Я приехал из Варшавы чрез Ригу. Песчаная, утомительная, продолжительная езда от Митавы вывела меня из терпения. Я был зол на себя и на дорогу, которую выбрал. В Риге хотели обратить внимание мое на картину города, Двины, моста, сплошь, как перилами, окаймленного коммерческими судами. Но я ничего ни слышать, ни видеть не хотел; в отмщение Митавским пескам, я крепко зажмурил глаза: так и проехал. Видно, Карамзин рассказал Государю эту выходку эксцентрическую. Отпуская меня, Император, с своею ласковою и выразительною улыбкою, спросил меня: а что, вы и теперь поедете на Ригу?
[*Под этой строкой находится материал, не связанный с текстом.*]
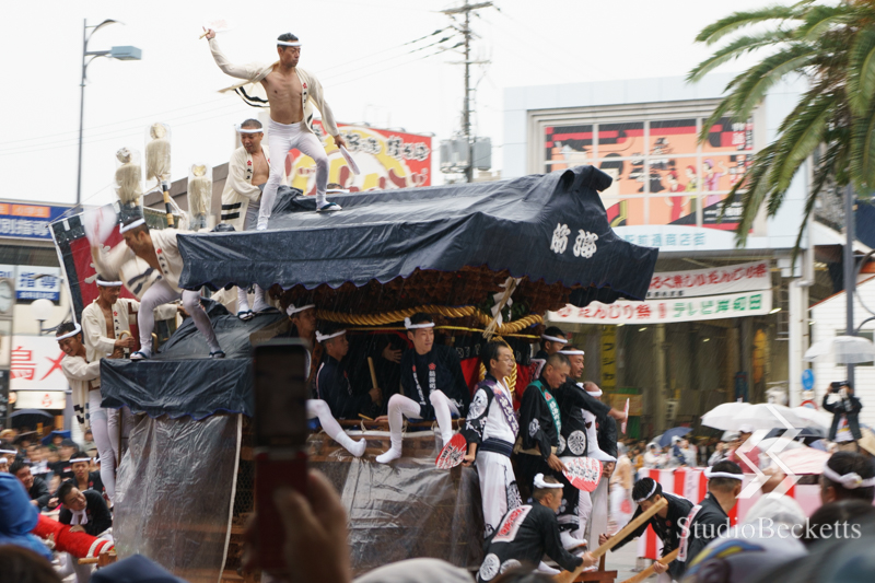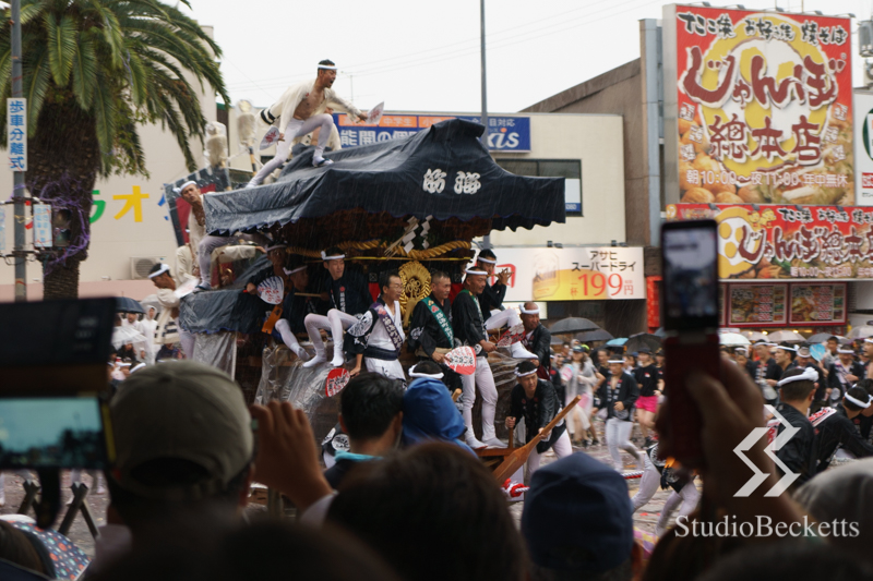 日曜日は暴風雨で中止になりそうなんで、「今日はだんじりやってるから、観に行こう!」と😆

Забыл я сказать, что Новосильцов имел намерение отправить меня прямо к Государю с изготовленною работою нашею, для объяснений по редакции, если Государь потребовал бы их. Но канцелярские интриги этому помешали. Уже позднее, и то совершенно случайно, довелось мне иметь вышеупомянутую беседу, для меня достопамятную. Но нет медали, у которой не было бы своей обратной стороны. Где-нибудь и когда-нибудь, если Бог даст, расскажу, как благоволительное обращение Государя со мною, ни по летам моим, ни по официальному служебному положению моему, не имевшим на то права, обратилось позднее в неудовольствие на меня.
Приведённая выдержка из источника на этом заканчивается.